Tag Archives: Don Wirth

Annual Ryegrass Cover Crop – Inexpensive and Effective at Eliminating Nutrient Runoff

Des Moines, Iowa, City Council is poised to file a federal lawsuit against several watershed councils in order that the level of nitrates be reduced in city drinking water. (Click here or above to see the news article) Even though Iowa is one of only two states in the Mississippi River Basin to have a nutrient reduction plan in effect, the effort has not diminished the nitrate levels in the Raccoon River flowing through downtown Des Moines. The river is a source of drinking water for the city.

There are a couple of ways to reduce runoff. One is mechanical, the other is vegetative. Installing monitoring stations at the edge of fields does a good job telling regulators how much nutrient is leaving. The cost to install even low-cost equipment gets expensive if you’re required to install hundreds on a farm of a couple thousand acres. And, monitoring the field, while useful, doesn’t reduce runoff.

The Environmental Protection Agency is among the regulatory agencies stepping up pressure on farmers to cut runoff of nitrates, coming from animal waste and fertilizers. The EPA says that other measures are effective of reducing or eliminating that runoff…cover crops are among the least expensive. Here are their suggestions:

  • Cover crops: Planting certain grasses, grains or clovers can help keep nutrients out of the water by recycling excess nitrogen and reducing soil erosion.
  • Buffers: Planting trees, shrubs and grass around fields, especially those that border water bodies, can help by absorbing or filtering out nutrients before they reach a water body.
  • Conservation tillage: Reducing how often fields are tilled reduces erosion and soil compaction, builds soil organic matter, and reduces runoff.

Don Wirth, a grass seed grower from Oregon, has been working with corn and soybean farmers in the Midwest for more than a decade. He said that it’s sad that the farming industry could not accomplish the task of reducing runoff without government intervention. He is optimistic, however, that the popularity of cover crops will constitute an effective and less expensive method of reducing nutrient runoff.

 

Annual Ryegrass Roots…”Go Dig!”

“My cover crop wasn’t green this spring!” Don Wirth’s answer to what sounded to him like a complaint was, “Go dig!”
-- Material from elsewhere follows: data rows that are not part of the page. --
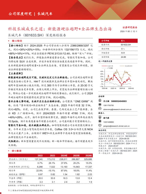 【西部证券】【20240612】长城汽车(601633)深度跟踪报告:科技长城成长之道,新能源硬派越野+全品牌生态出海-57页 行业研究
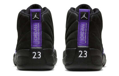 The Aithtr Jorthtdan 12 "Dark Concord" upper is made of soft and smooth black leather. The representative curved design of the shoe side is made of embossed leather of the same color.the purple color of "Concord" is made of metal here. The style panel echoes the coherent elements of the shoelace fixing holes.
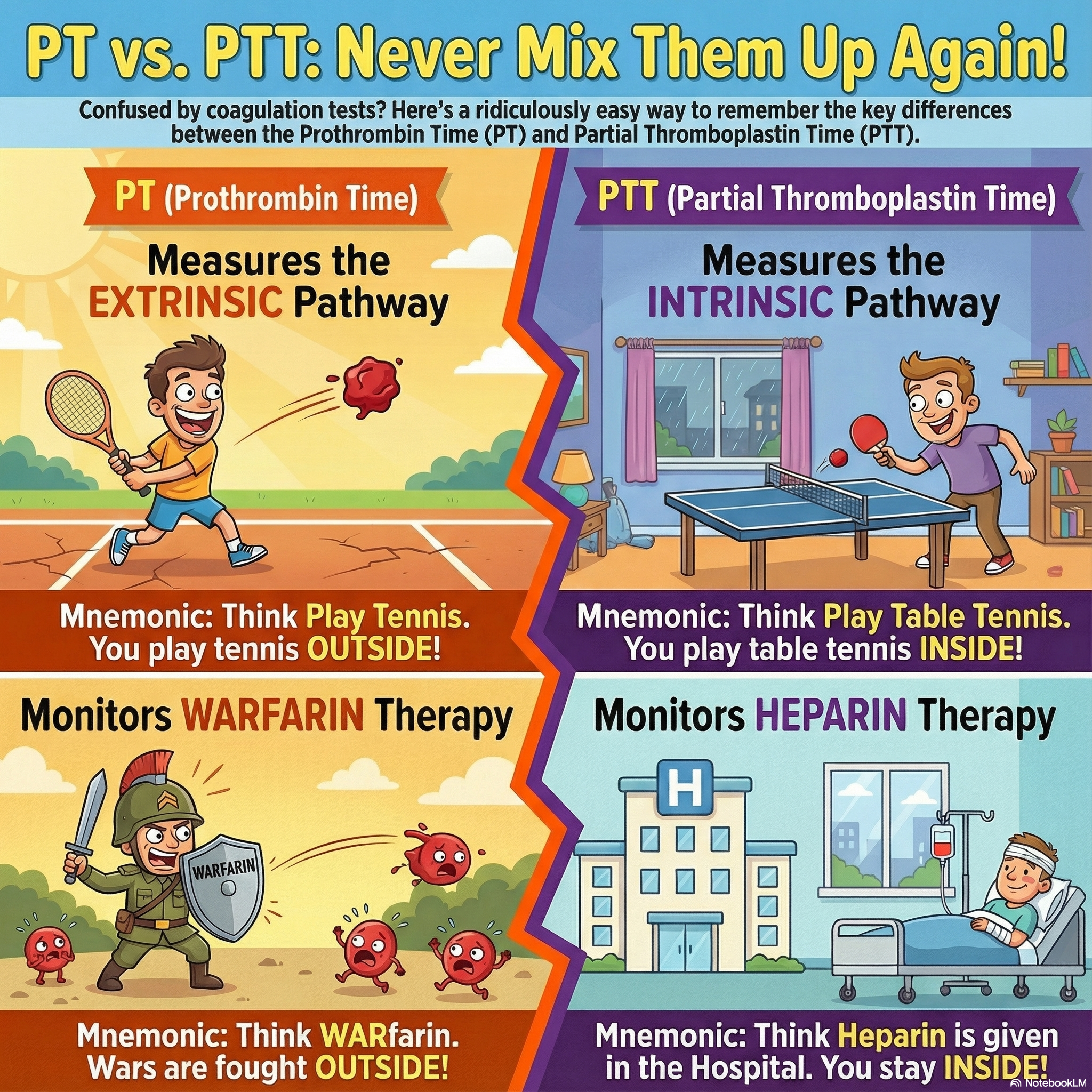 | aPTT | Intrinsic <br> (“Play Table Tennis” / Inside) | Heparin <br> (Given in “Hospital” / Inside) | • Effective Heparin therapy <br> • Clotting factor deficiency (e.g., Hemophilia, von Willebrand disease) |

His point: when annual ryegrass is established in the fall, it quickly sends roots down below a foot, even in fields that haven’t had a cover crop before. (In successive years, annual ryegrass roots can send roots to deeper than 40 inches, even when there’s only a couple of inches of top growth!) It is those roots that help prevent erosion. But that’s only the beginning. Deep rooting breaks up compaction, improves permeability. That’s still only the beginning. The biggest benefit is that cover crops improve soil biology, including a healthy population of earthworms and microorganisms. When that happens, crops thrive, production increases and costs for inputs go down.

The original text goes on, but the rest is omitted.